What the task requires: For the data below, transcribe the part that opens with the line containing "Thanh gạo lứt" and closes with the line containing "- Large zip-up", exactly and with no pictures.

Given records:
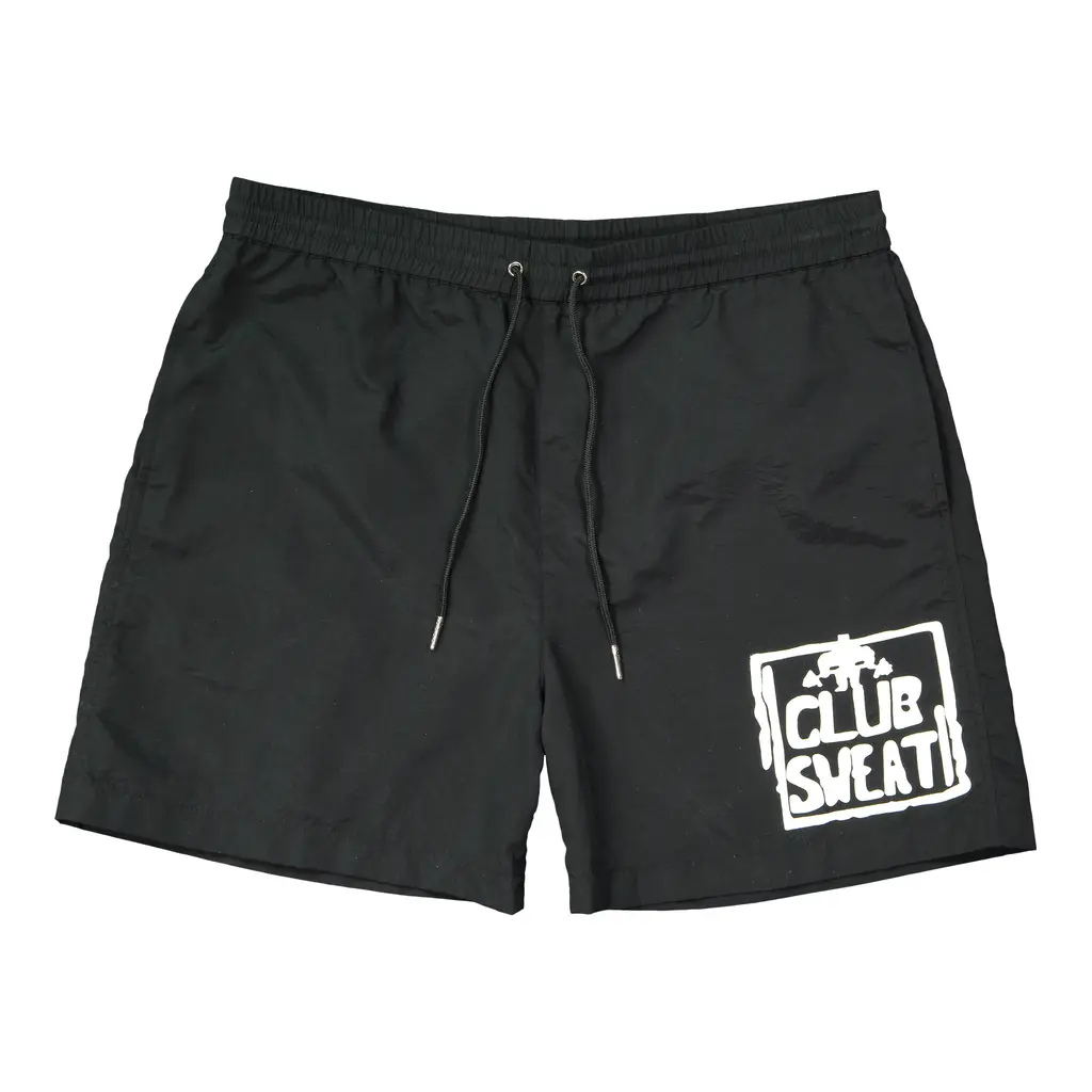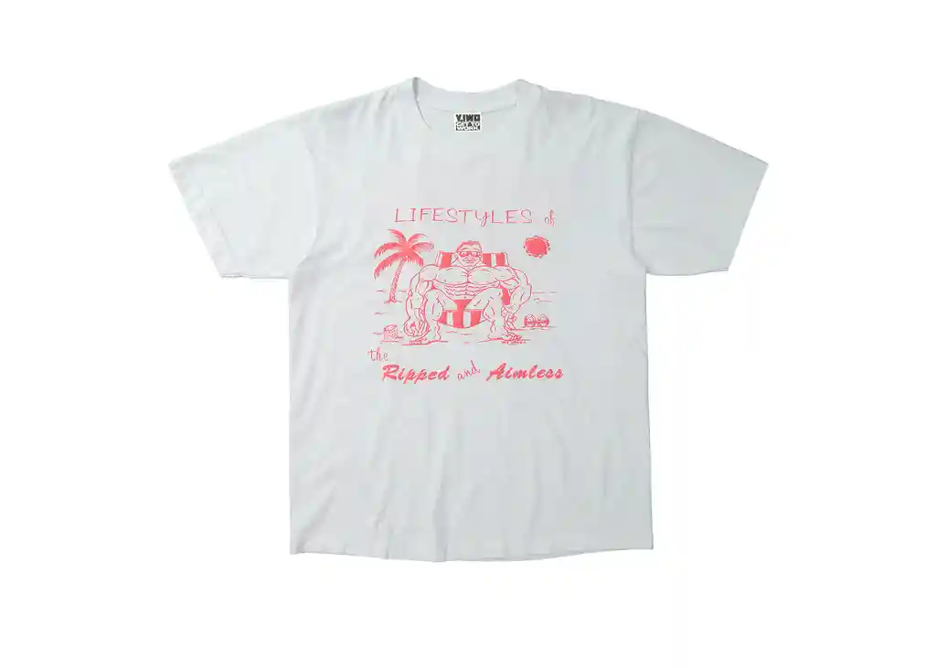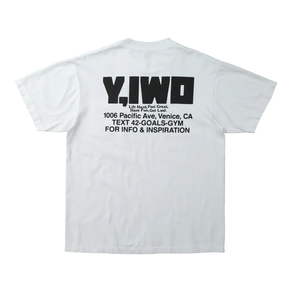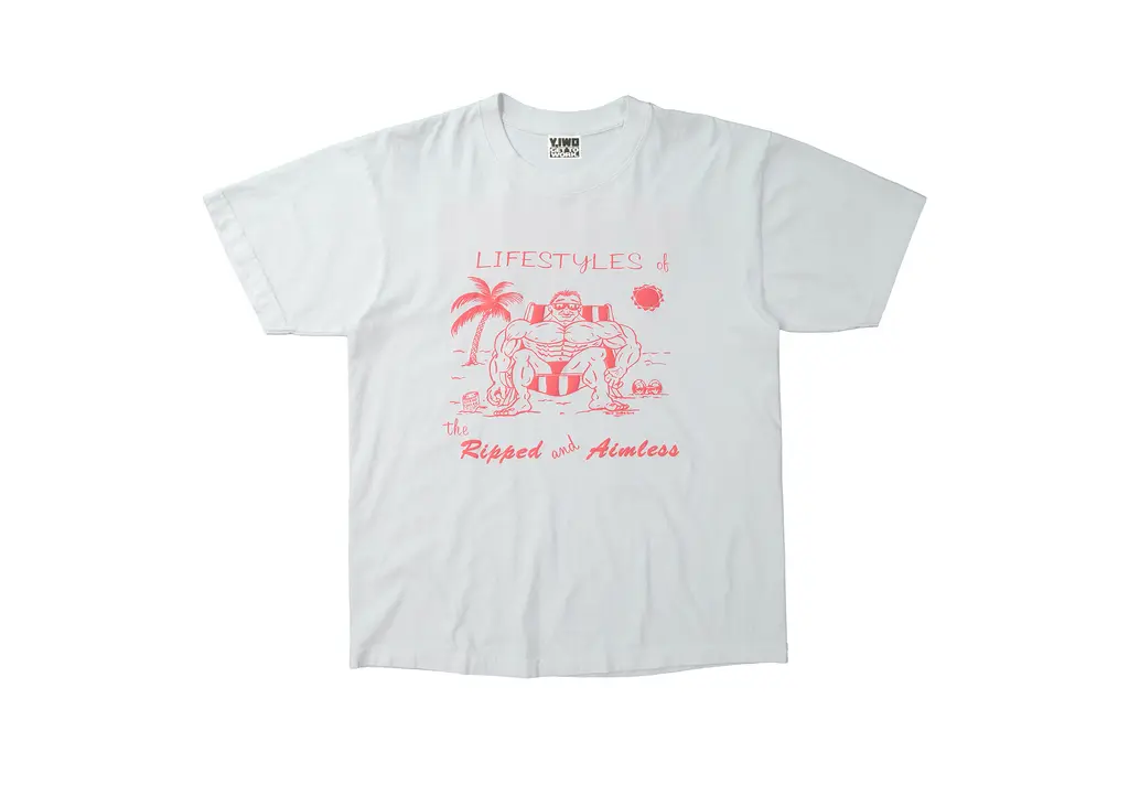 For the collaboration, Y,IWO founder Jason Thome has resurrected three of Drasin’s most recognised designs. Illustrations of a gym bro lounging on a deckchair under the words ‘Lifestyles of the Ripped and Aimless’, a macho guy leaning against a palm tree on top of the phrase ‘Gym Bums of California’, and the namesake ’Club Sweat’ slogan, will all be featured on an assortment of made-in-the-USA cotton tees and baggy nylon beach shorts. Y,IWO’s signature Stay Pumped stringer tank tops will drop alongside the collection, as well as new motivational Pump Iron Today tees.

--

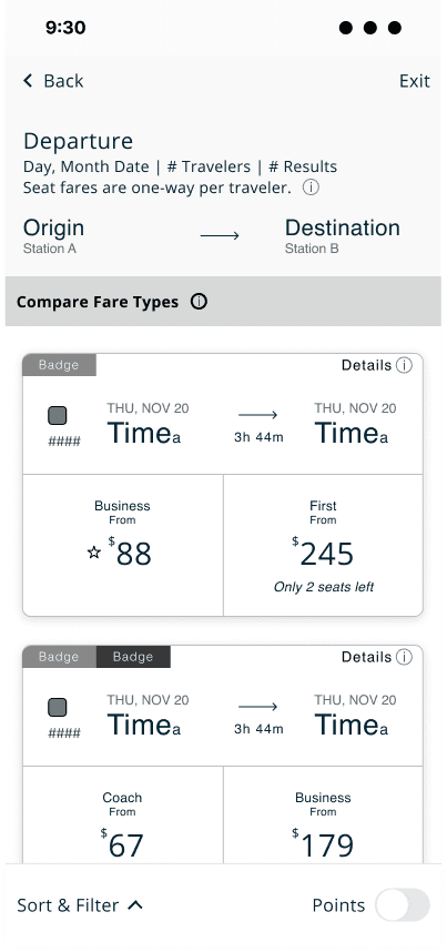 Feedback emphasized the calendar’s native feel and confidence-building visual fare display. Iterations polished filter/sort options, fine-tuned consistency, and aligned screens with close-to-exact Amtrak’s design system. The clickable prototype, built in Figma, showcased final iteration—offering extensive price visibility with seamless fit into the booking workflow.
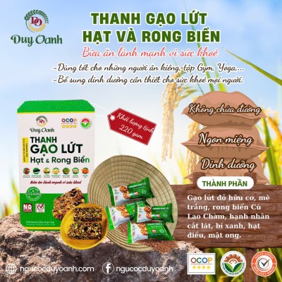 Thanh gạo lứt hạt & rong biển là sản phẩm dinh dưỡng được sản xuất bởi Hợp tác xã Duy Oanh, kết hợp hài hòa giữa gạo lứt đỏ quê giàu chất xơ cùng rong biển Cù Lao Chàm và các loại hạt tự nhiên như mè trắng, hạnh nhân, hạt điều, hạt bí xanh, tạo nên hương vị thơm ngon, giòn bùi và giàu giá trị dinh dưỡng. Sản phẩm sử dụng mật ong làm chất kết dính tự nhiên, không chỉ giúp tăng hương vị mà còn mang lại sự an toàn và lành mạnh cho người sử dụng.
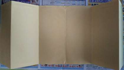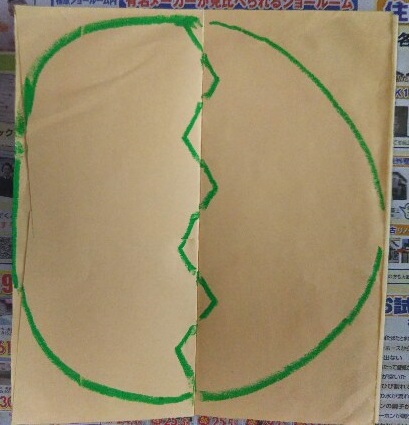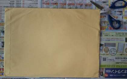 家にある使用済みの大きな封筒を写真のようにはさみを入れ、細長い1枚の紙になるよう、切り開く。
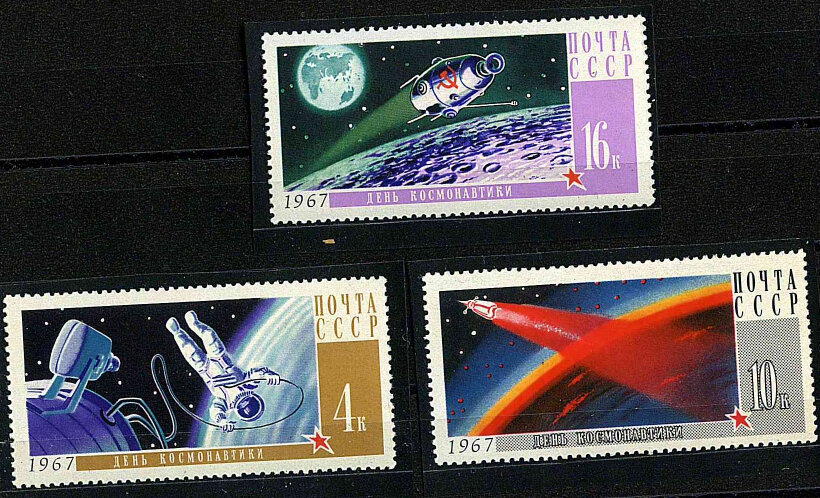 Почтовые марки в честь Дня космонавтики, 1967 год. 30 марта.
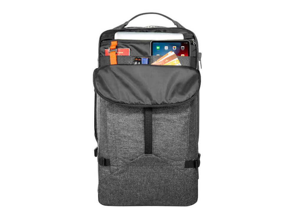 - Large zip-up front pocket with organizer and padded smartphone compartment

Solution to this task:
 Thanh gạo lứt hạt & rong biển là sản phẩm dinh dưỡng được sản xuất bởi Hợp tác xã Duy Oanh, kết hợp hài hòa giữa gạo lứt đỏ quê giàu chất xơ cùng rong biển Cù Lao Chàm và các loại hạt tự nhiên như mè trắng, hạnh nhân, hạt điều, hạt bí xanh, tạo nên hương vị thơm ngon, giòn bùi và giàu giá trị dinh dưỡng. Sản phẩm sử dụng mật ong làm chất kết dính tự nhiên, không chỉ giúp tăng hương vị mà còn mang lại sự an toàn và lành mạnh cho người sử dụng.
 家にある使用済みの大きな封筒を写真のようにはさみを入れ、細長い1枚の紙になるよう、切り開く。
 Почтовые марки в честь Дня космонавтики, 1967 год. 30 марта.
 - Large zip-up front pocket with organizer and padded smartphone compartment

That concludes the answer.